Hacker News new | ask | show | jobs
by wvenable 99 days ago
I don't think it was clear at the time that UTF-8 would take off. UCS-2 and then UTF-16 was well established by 2000 in both Microsoft technologies and elsewhere (like Java). Linux, despite the existence of UTF-8, would still take years to get acceptable internationalization support. Developing good and secure internationalization is a hard problem -- it took a long time for everyone.

It's now 2026, everything always looks different in hindsight.

3 comments

I don’t remember it quite that way. Localization was a giant question, sure. Are we using C or UTF-8 for the default locale? That had lots of screaming matches. But in the network service world, I don’t remember ever hearing more than a token resistance against choosing UTF-8 as the successor to ASCII. It was a huge win, especially since ASCII text is already valid UTF-8 text. Make your browser default to parsing docs with that encoding and you can still parse all existing ASCII docs with zero changes! That was a huge, enormous selling point.

Windows is far from a niche player, to be sure. Yet it seems like literally every other OS but them was going with one encoding for everything, while they went in a totally different direction that got complaints even then. I truly believe they thought they’d win that battle and eventually everyone else would move to UTF-16 to join them. Meanwhile, every other OS vendor was like, nah, no way we’re rewriting everything from scratch to work with a not-backward compatible encoding.

Microsoft did the hard work of supporting Unicode when UTF-8 didn't exist (and mostly when UTF-16 didn't exist).

Any system that continued with only ASCII well into the 2000s could mostly just jump into UTF-8 without issue. Doing nothing for non-English users for almost two decades turned out to be a solid plan long term. Microsoft certainly didn't have that option.

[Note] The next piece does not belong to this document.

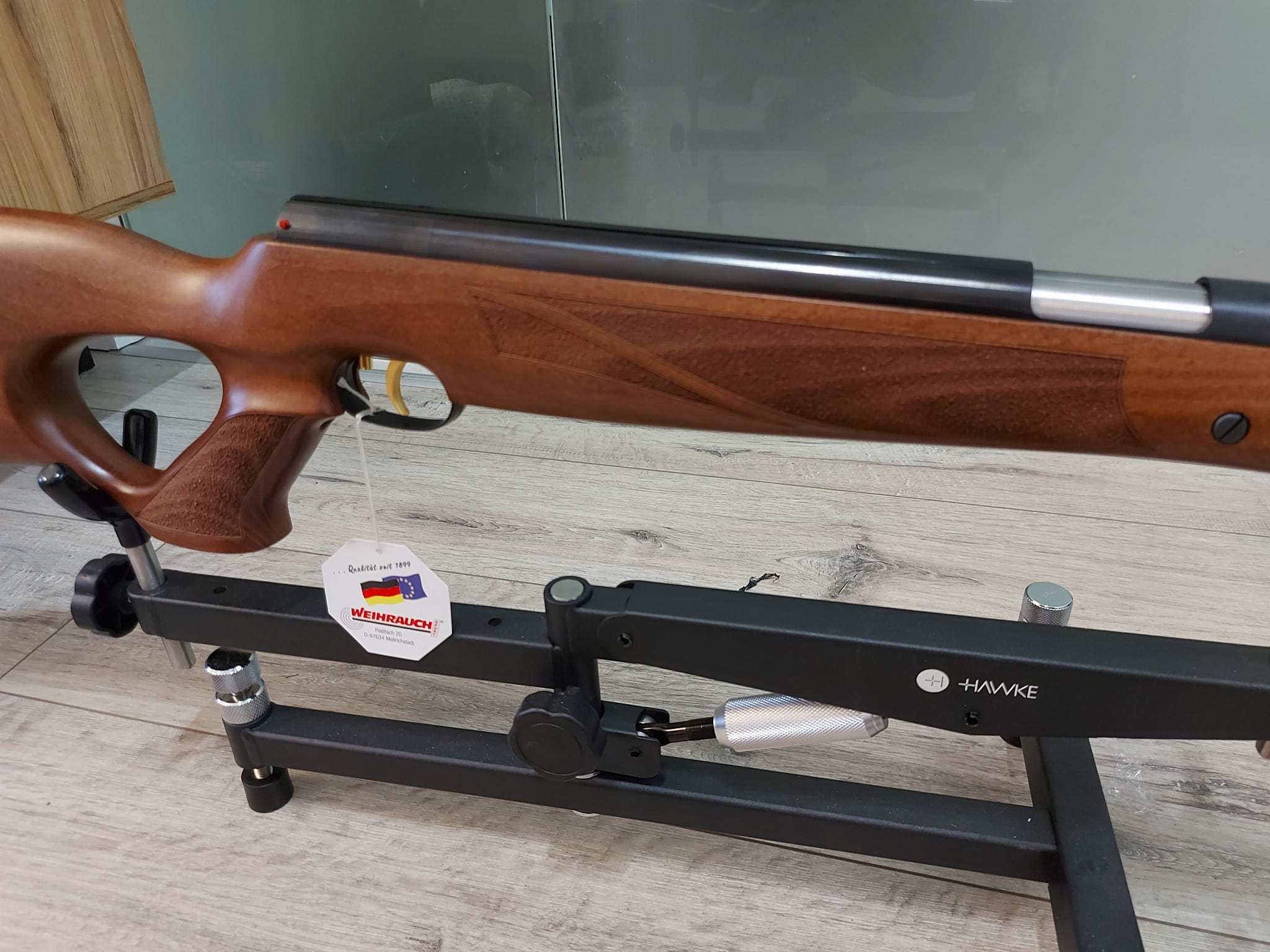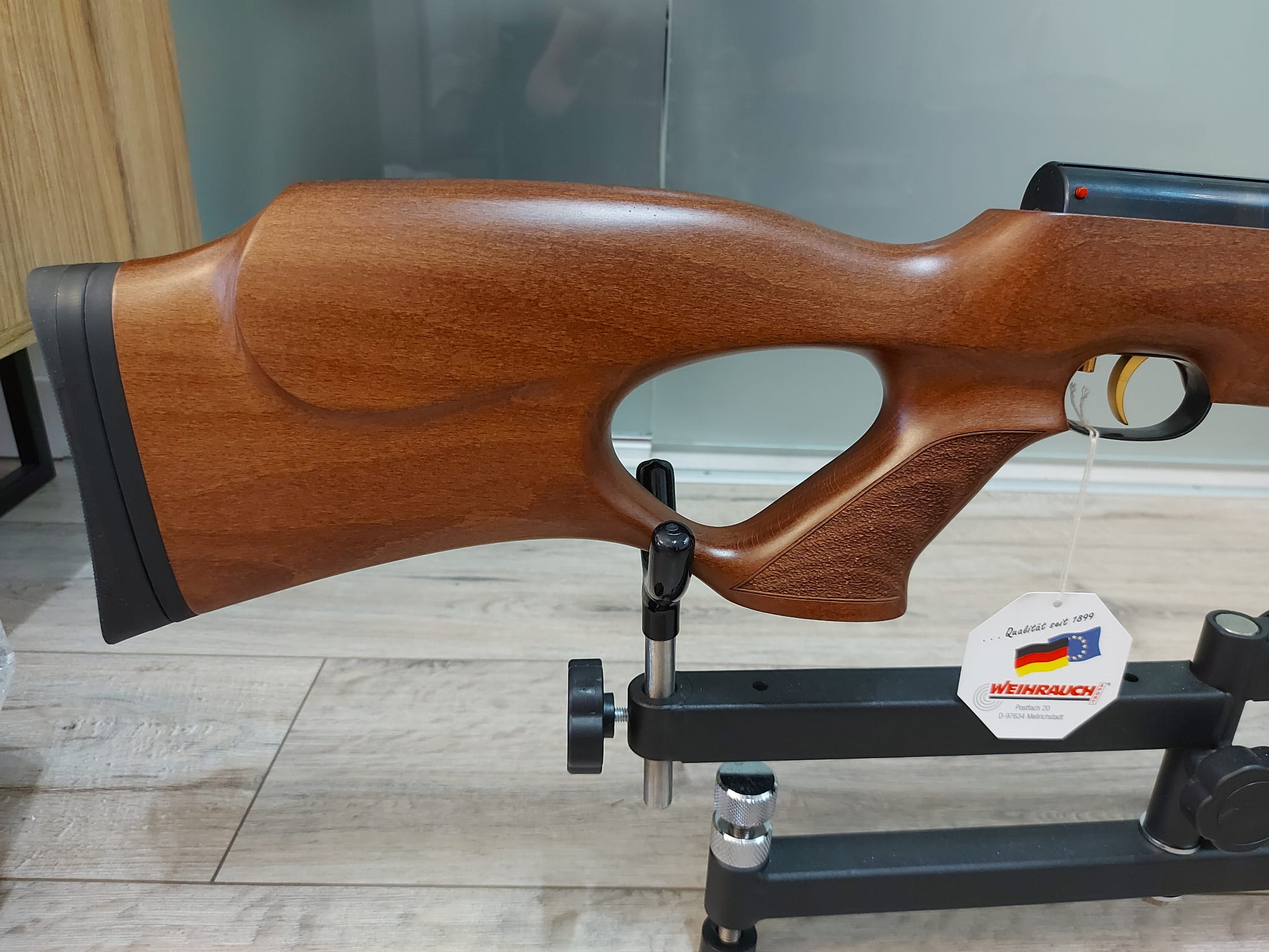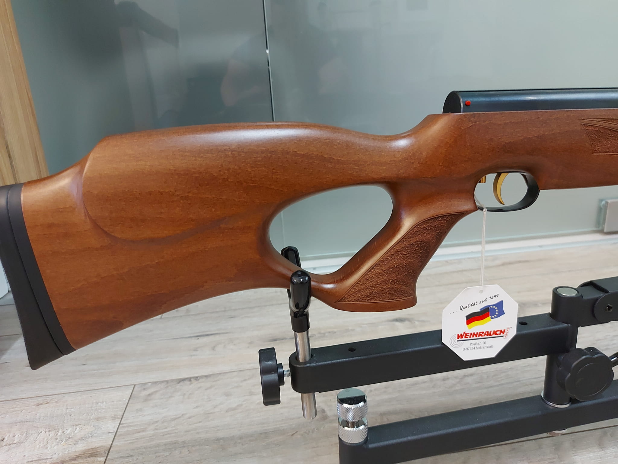 Wiatrówka, karabinek sportowy w kalibrze 4,5mm firmy Weihrauch to wieloletnia tradycja i klasa sama w sobie. Karabinek świetnie nadaje się do zawodów w konkurencji HFT (Hunter Field Target) jest to precyzyjne strzelectwo do figurek na różnych dystansach, wielokrotnie tym karabinkiem wygrywano mistrzostwa świata w konkurencji HFT, jak również świetnie się sprawdza do dyscyplin tarczowych, precyzyjnych jak strzelanie ze stolika zwane Benchrest. Ergonomiczna osada zapewnia wygodę podczas strzelania.

Blame Java - their use of utf-16 is the sole reason that Microsoft chose it.

Sun sued Microsoft in 1996 for making nonportable extensions to Java (a license violation). Microsoft lost, and created C# in 2000.

At the time, “Starting Java” was the most feared message on the internet. People really thought that in-browser Java would take over over the world (yes Java, not Javascript)

Sun chose UTF16 in 1995 believing that Unicode would never need more than 64k characters. In 1996 that changed. UTF16 got variable length encoding and became a white elephant

So Microsoft chose UTF16 know full well that it had no advantages. But at least they can say code pages were far worse :)

At the time it was introduced it was understandable, and Microsoft also needed some time to implement it before that of course. But by about 2000 it was clear that UTF-8 was going to win, and Microsoft should have just properly implemented it in NT instead of dithering about for the next almost 20 years. Linux had quite good support of it by then.